White House/VA Conference
Emerging Technologies in Support of the New Freedom Initiative:
Promoting Opportunities for People with Disabilities October 13-14, 2004

Drawing of White House and Logos of the Dept of Veterans Affairs  and the Executive Office of the President

“Today, more people accept the concept that cure can go hand-in-hand with care, and technology is absolutely fundamental to these advances.”—Dr. Mindy Aisen

Let me start today with a quote from Margaret Mead, who once said, “I was brought up to believe that the only thing worth doing was to add to the sum of accurate information in the world.”

When I took my current job at the VA, I saw it as the job of a lifetime. It was a chance to shape research in an environment where rehabilitation research could be conducted to provide desperately needed information and data to drive practice.

The job also had a very important personal meaning. My father was a World War II veteran, and I want to say that he was very proud of me. The most important things in life are love and work, and you get an extra bonus if your work enables others to meet their fundamental human needs.

The field of rehabilitation technology is rapidly evolving. Whether you’re a clinician, an engineer, a researcher, an advocate, a consumer, a policymaker, or a combination of the above, you find yourself in a field where today’s truth is tomorrow’s anachronism.

Early in my career as a neurologist in neurological rehab, we fought for our place in the rehabilitation field. Our insistence that genuine recovery was a possibility was often scoffed at as offering false hope. But today more people accept the concept that cure can go hand-in-hand with care, and technology is absolutely fundamental to these advances.

Photo of Mindy L. Aisen, MD
Director, Rehab R&D Service (VA)

Mindy L. Aisen, MD, was appointed Director of the VA Rehabilitation Research and Development Service in September 1998 and assumed the additional role of Director of Technology Transfer for the Office of Research and Development in February 2000. Dr. Aisen received her undergraduate degree from Massachusetts Institute of Technology and her medical degree from Columbia University College of Physicians and Surgeons. She completed her residency at The New York Hospital-Cornell Medical Center and interned at Mount Sinai Hospital of Cleveland before joining The Burke Rehabilitation Center to serve as Director of the Spinal Cord Injury Service in 1987. Prior to her work at Burke, Dr. Aisen was an attending neurologist with the Albert Einstein College of Medicine Multiple Sclerosis Research and Training Center.

Compassion alone does not drive policy in the real world, and there are more important things than money. So, we have a convergence between financial issues and sharing information within the scientific community.

The engineering community, which is well-represented here today, has produced lots of new technologies with lots of gee-whiz factors. Yet access to these new technologies is uneven, because they’re expensive and we lack hard evidence that many of them are beneficial.
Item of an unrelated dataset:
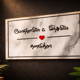 Premium Customized Wooden Name Plate with Golden Embossed Tamil Text & Decorative Design

With sufficient information, we will be able to furnish policymakers with the tools to provide necessary resources.

We’ve come together today—researchers, funders, policymakers, government leaders—to talk to one another about the need for innovation, the need for collaboration, and the barriers that we can help each other overcome. By the end of these two days, we hope to have forged alliances and to have concrete plans and suggestions to help our community. Thank you.